= DATA SHOWN =
········
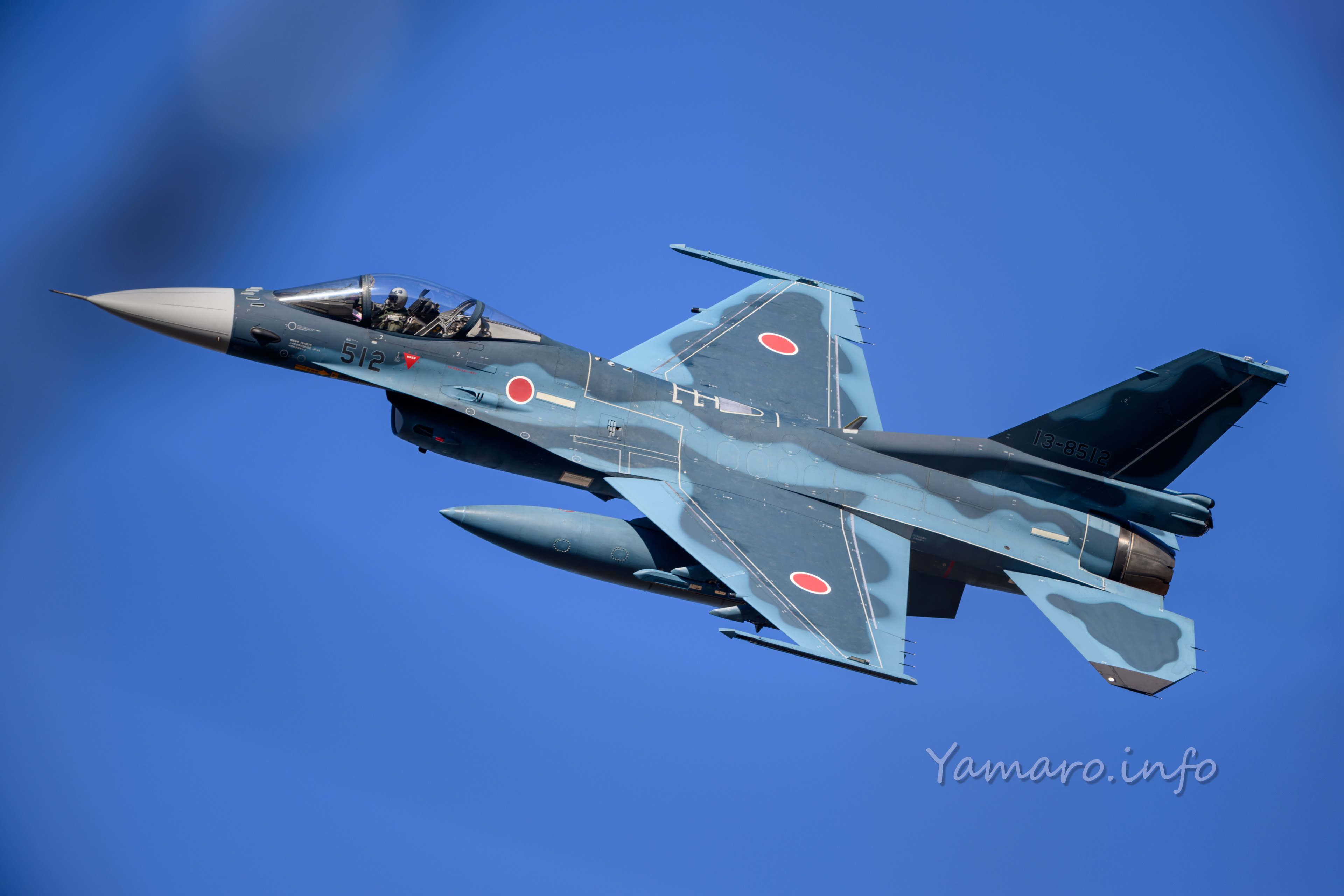 560号機だけ、AAM-3のキャプティブ弾を装着。AAM-3もファントムが飛んでいたときはよく見ましたが、案外F-2で装着しているシーンは少ない気がします。後継のAAM-5はミサイルが長くなったので、F-2用にも専用ランチャーが必要なようですが、まだ3SQの機体で装着しているのは見たことがないですね。
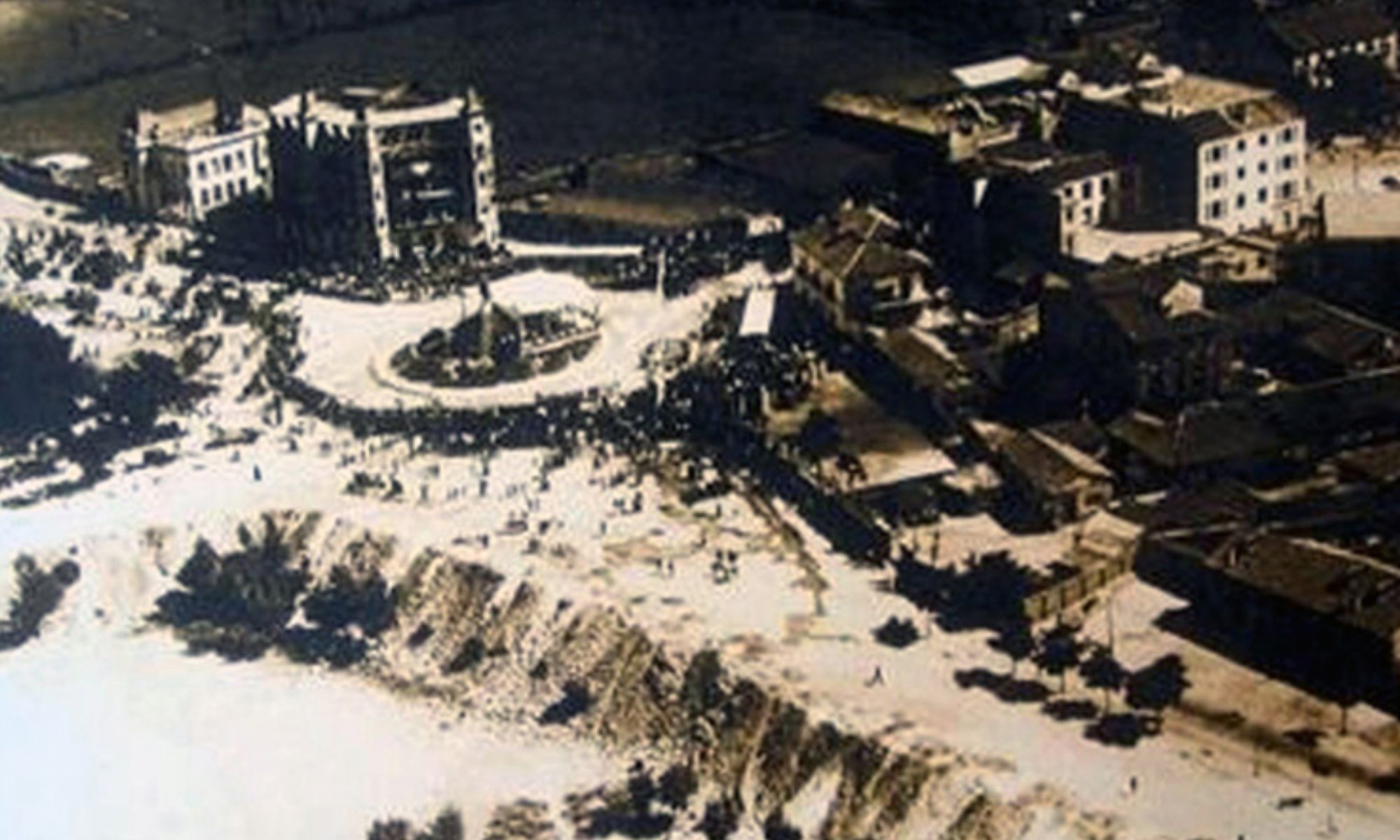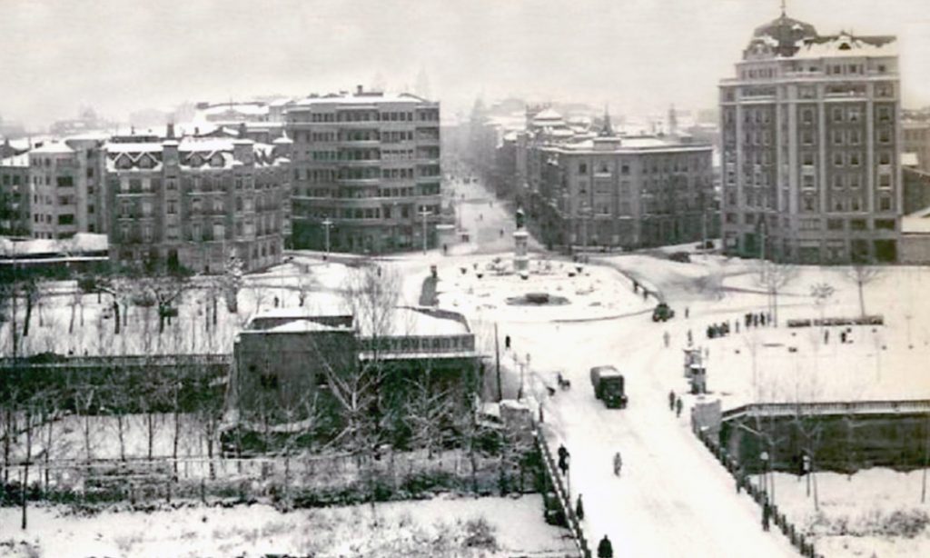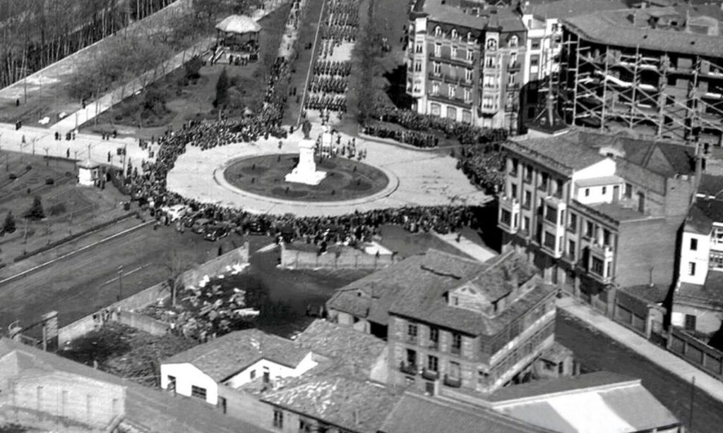 La Casa se levantó en 1946, tan solo unos años después del citado funeral, y aquí se puede ver, ya con sus vecinos eternos, el Sanatorio Miranda, y la Casa Arriola, cubierta de nieve durante la nevada de 1955. La Casa de los Picos, aún en pie, sería gran compañera de esta hasta su demolición en 1977.
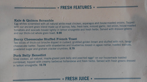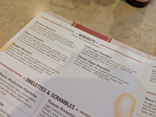 Great food, great flavors. Theyve got the usual heavy fare such as sausage and ham omelettes, bacon and pancakes and French toast, etc., as well lighter fare like vegetable wraps and fruit sides. But, I do have to knock off a star because of a missing critical component of an excellent breakfast - good coffee. I cant make any excuses for it. It really is just watered down and flavorless. Im not even a coffee snob! I just expect the coffee to be on the same level as the rest of the food. If they served better coffee, Id give them full marks.
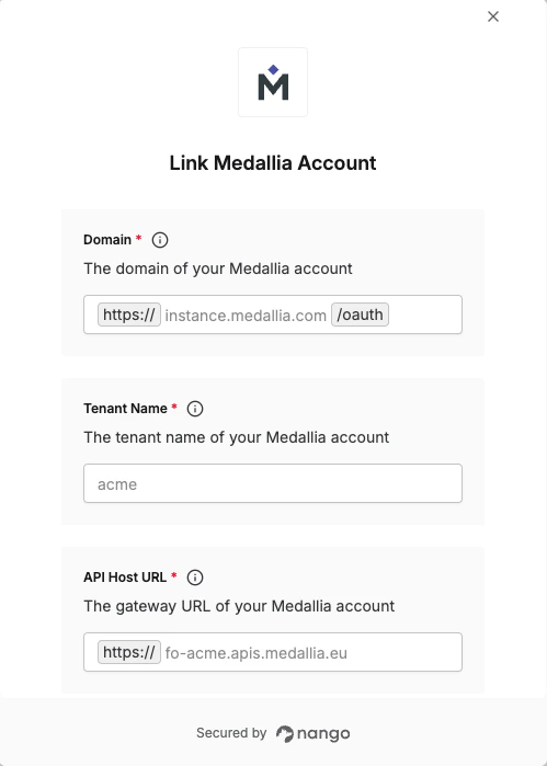 https://<company>.apis.medallia.<tld> are deprecated and only valid for legacy clients. Step 5: Enter credentials in the Connect UI
········
= REQUIREMENT =
From the first line to the last, please copy the data exactly, with the pictures left out.

= ANSWER TO THIS EXERCISE =
 560号機だけ、AAM-3のキャプティブ弾を装着。AAM-3もファントムが飛んでいたときはよく見ましたが、案外F-2で装着しているシーンは少ない気がします。後継のAAM-5はミサイルが長くなったので、F-2用にも専用ランチャーが必要なようですが、まだ3SQの機体で装着しているのは見たことがないですね。
 La Casa se levantó en 1946, tan solo unos años después del citado funeral, y aquí se puede ver, ya con sus vecinos eternos, el Sanatorio Miranda, y la Casa Arriola, cubierta de nieve durante la nevada de 1955. La Casa de los Picos, aún en pie, sería gran compañera de esta hasta su demolición en 1977.
 Great food, great flavors. Theyve got the usual heavy fare such as sausage and ham omelettes, bacon and pancakes and French toast, etc., as well lighter fare like vegetable wraps and fruit sides. But, I do have to knock off a star because of a missing critical component of an excellent breakfast - good coffee. I cant make any excuses for it. It really is just watered down and flavorless. Im not even a coffee snob! I just expect the coffee to be on the same level as the rest of the food. If they served better coffee, Id give them full marks.
 https://<company>.apis.medallia.<tld> are deprecated and only valid for legacy clients. Step 5: Enter credentials in the Connect UI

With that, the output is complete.